Exercise brief: Omit the pictures and print exactly the lines of the listing below, starting at the first and ending at the line containing "रेवाड़ी। हड़ताल के दौरान खाली पड़ा अस्पताल।".
** Opening Source material block **
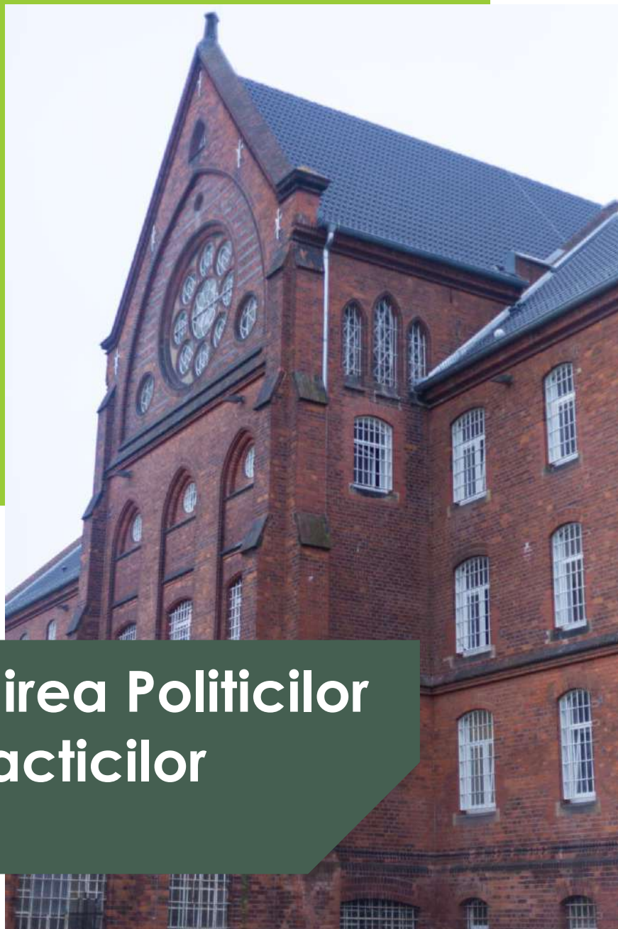
Figura 1 Închisoarea Bremen, Germania

European Career Counselling Guidelines for Staff Working in Criminal Correctional Justice System - CCJ4C - No. 12883-EPP-1-2019-1-RO-EPPKA3-PI-FORWARD, financed by ERASMUS + programme.
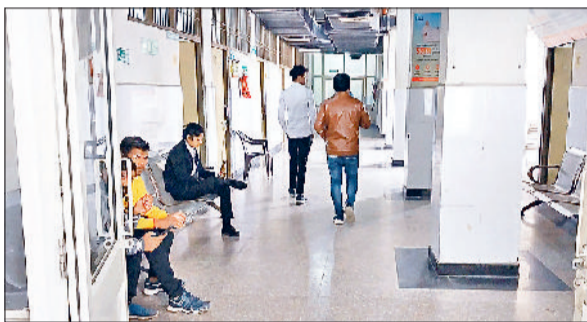
रेवाड़ी। हड़ताल के दौरान खाली पड़ा अस्पताल।

अपनी मांगों को लेकर जिले के सरकारी अस्पतालों के डॉक्टर पहले भी दो घंटे के लिए ओपीडी बंद कर चुके हैं। इसके अलावा काले बिल्ले लगाकर रोष प्रदर्शन भी कर चुके हैं। मांगों को लेकर एसोसिएशन की ओर से सिविल सर्जन, उपायुक्त व स्वास्थ्य महानिदेशक के साथ जनप्रतिनिधियों को ज्ञान सौंपकर पहले ही चेताया जा चुका है। 21 दिसंबर को डॉक्टरों ने उपायुक्त को ज्ञान सौंपा था। इससे पहले 9 दिसंबर को दो घंटे तक ओपीडी सेवाएं बाधित कर अपना रोष प्रकट
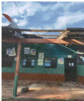
Foto 5: En la imagen se muestra el aula de primero primaria, (salón No. 4)
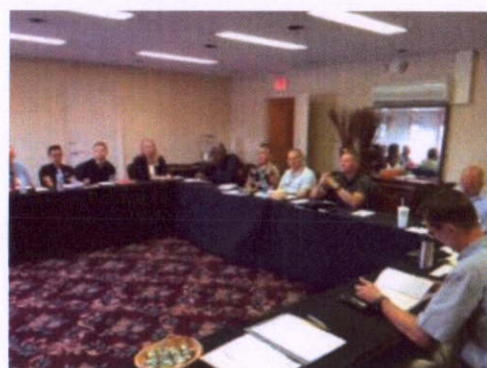
第 10 教授班校外教學後研討
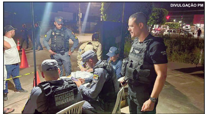
Operação Lei Seca flagra muitos motoristas embriagados em AF

Todos podem responder por crime de trânsito. E a Polícia informou na ocasião que a Operação Lei Seca deverá continuar no município e entre os focos, está coibir motoristas bêbados conduzindo motos ou carros e reduzir número de acidentes.
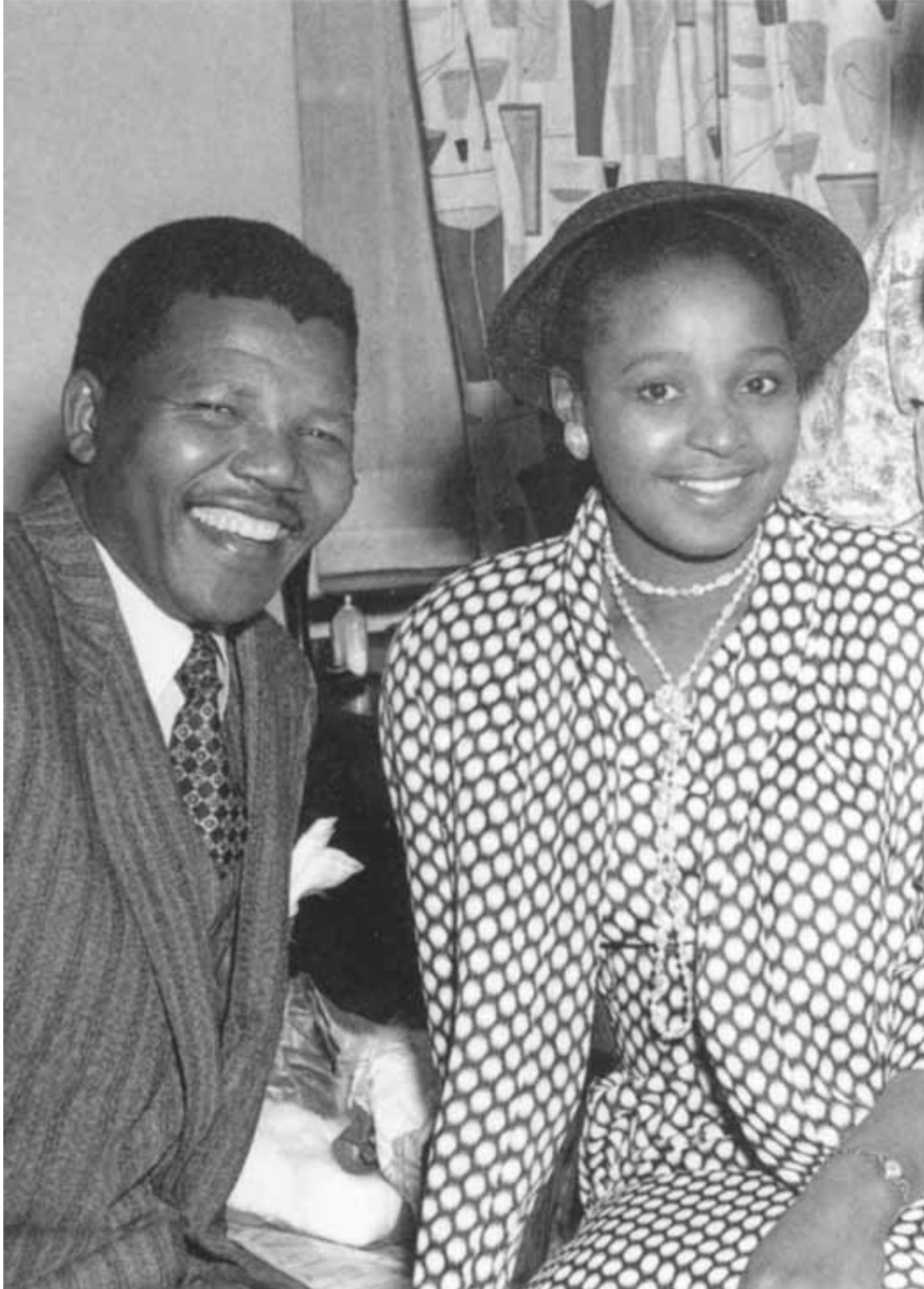
مع زوجته الحسنة المناضلة ويني
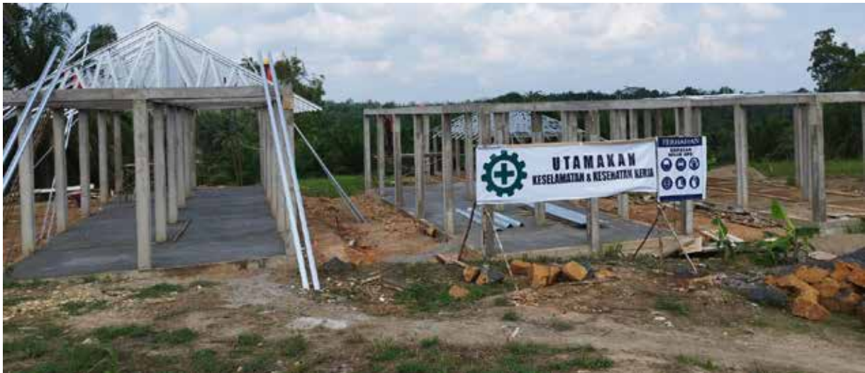
Lokasi pengerjaan rehabilitasi maupun bangunan baru untuk pasar.
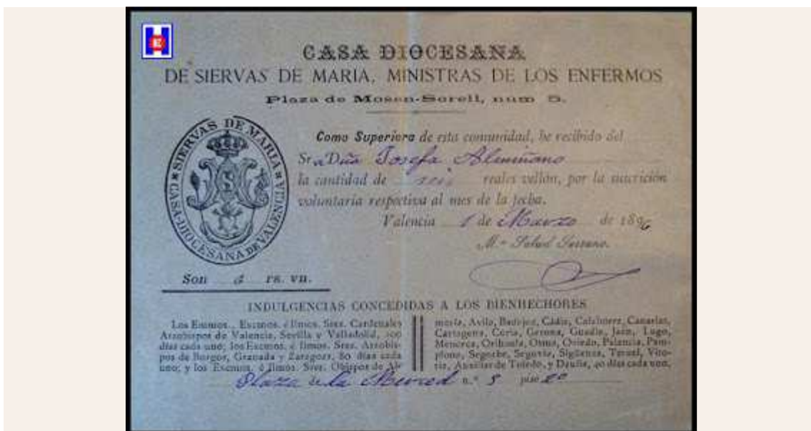
FOTO 2 Recibo de limosna de 1896 en Valencia

Lanzarote sufría la llamada crisis de la barrilla, por lo que este mecenas de la capital isleña multiplicó sus actividades para poder paliar las necesidades de los habitantes de su ciudad que comían tuneras, raíces de plantas silvestres, muriendo algunos de hambre.
** Closing Source material block **
Expected answer:
Figura 1 Închisoarea Bremen, Germania

European Career Counselling Guidelines for Staff Working in Criminal Correctional Justice System - CCJ4C - No. 12883-EPP-1-2019-1-RO-EPPKA3-PI-FORWARD, financed by ERASMUS + programme.
रेवाड़ी। हड़ताल के दौरान खाली पड़ा अस्पताल।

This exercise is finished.